20. An analysis result of an input speech is input, and an optimal syllable string composed of N syllables controlled by an automaton representing connection between syllables is obtained. A graph is created by transforming an optimal syllable string composed of N syllables based on the description of the difference model that describes the likelihood corresponding to the syllable string of the syllable string. 15. The search method for continuous speech recognition according to claim 14, wherein a candidate word string is searched for by referring to a word dictionary describing a syllable string, and the candidate word string is output.

21. An analysis result of an input voice is inputted, an optimum word string controlled by an automaton representing a connection between words is obtained, and the optimum word string is converted into a syllable string, and the syllable string is a correct syllable string. And searching for a candidate word string and outputting a candidate word string by referring to a difference model describing the likelihood corresponding to the word and a word dictionary describing a standard syllable string of the word. 15. The search method for continuous speech recognition according to 14.

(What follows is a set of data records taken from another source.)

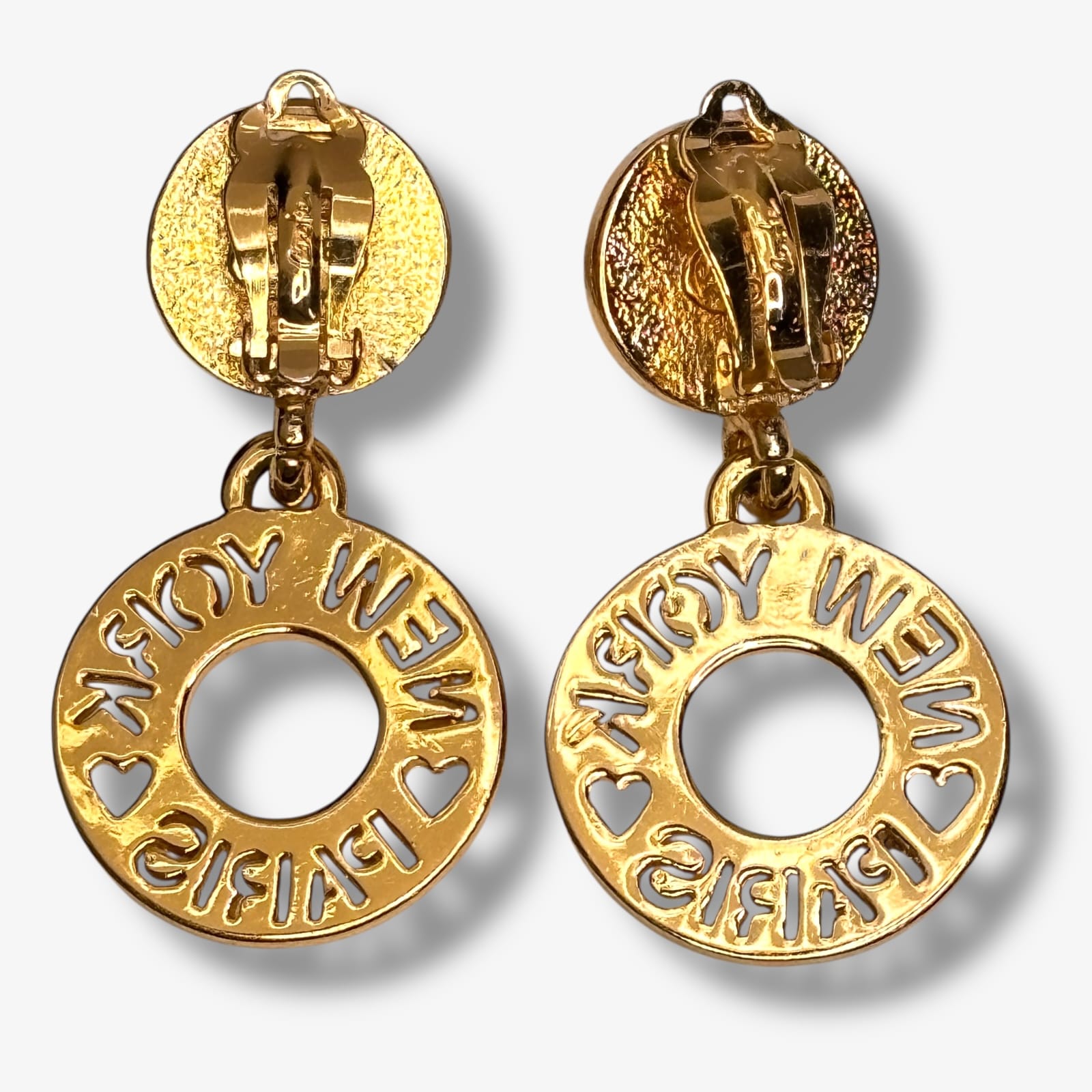 These signed Carolee earrings date to the c.1990s era and feature cream faux pearl tops with gold tone openwork dangles reading New York and Paris, combining a travel theme with classic styling.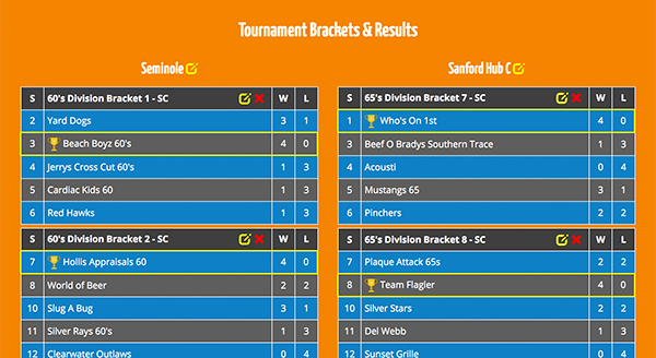 Florida Creative has added their new Brackets & Results module to the website, which will now allow players and coaches to quickly view their team's bracket opponents and the tournament results after the weekend of play. Just click on the 50's Division June 2017 tournaemnt or 60's Division July 2017 tournament to view this new feature.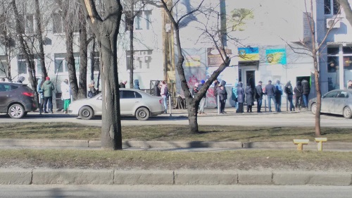 Прошелся по городу. Очереди везде. Банкоматы выдают по 1000 гривен за раз. Две по 500. В АТБ не протолкнуться. Отдельная очередь за хлебом. Всё гребут. Гребут столько сколько чего дают в одни руки. Но к 11 часам ажиотаж несколько спал. Соседка простояла в АТБ полтора часа. На работе в техникуме сказали никому не выходить до последующих указаний. В остальном всё спокойно. тепло, солнце светит.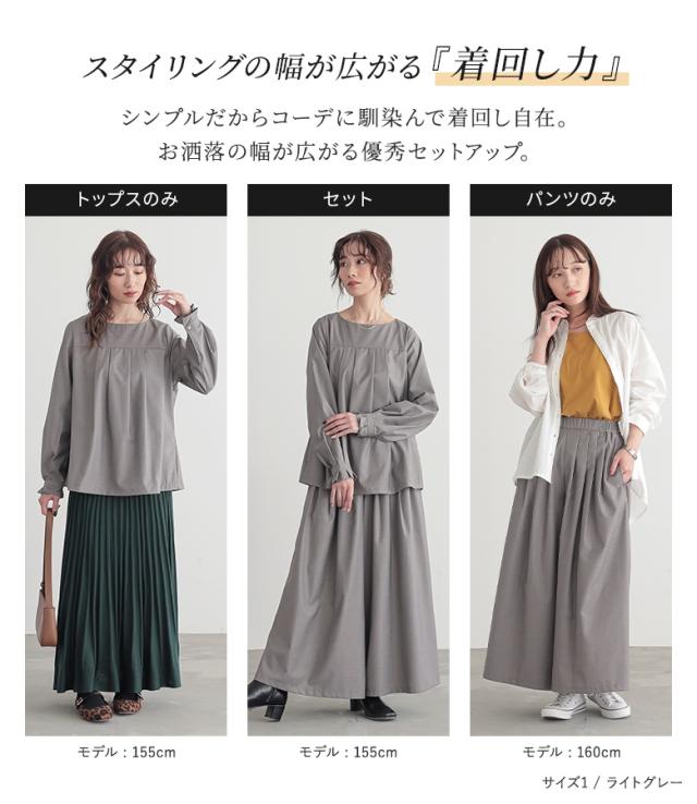 | staff:N/162cm 【普段着用】 トップス: S/M ボトムス: M | 【1(M〜L)】 トップス ◆袖丈:手首が隠れる位 ◆着丈:ヒップ真ん中位 ボトムス ◆着丈:ウエストで穿いてかかと上10cm位、腰で穿いてくるぶしが隠れる位 【2(LL〜3L)】 トップス ◆袖丈:手の甲真ん中位 ◆着丈:ヒップ下位 ボトムス ◆着丈:腰で穿いてかかとが隠れる位 1(M〜L)は、上下ともに体に沿わず、程よいゆとりがありますが、縦のラインでスッキリとしたシルエットで着られました。トップスをインして着るのもオススメです♪2(LL〜3L)は、私には大きめのサイズ感で、パンツはウエストで留まらず丈が長くなるので、ヒールと合わせると安心です。私の場合は1(M〜L)を選びます。 |

22. A difference model in which an analysis result of an input speech is input, an optimum word string controlled by an automaton representing a connection between words is obtained, and a likelihood that the optimum word string corresponds to a correct word string is described. 15. The search method for continuous speech recognition according to claim 14, further comprising: searching for a candidate word string and outputting the candidate word string with reference to the word dictionary describing the word.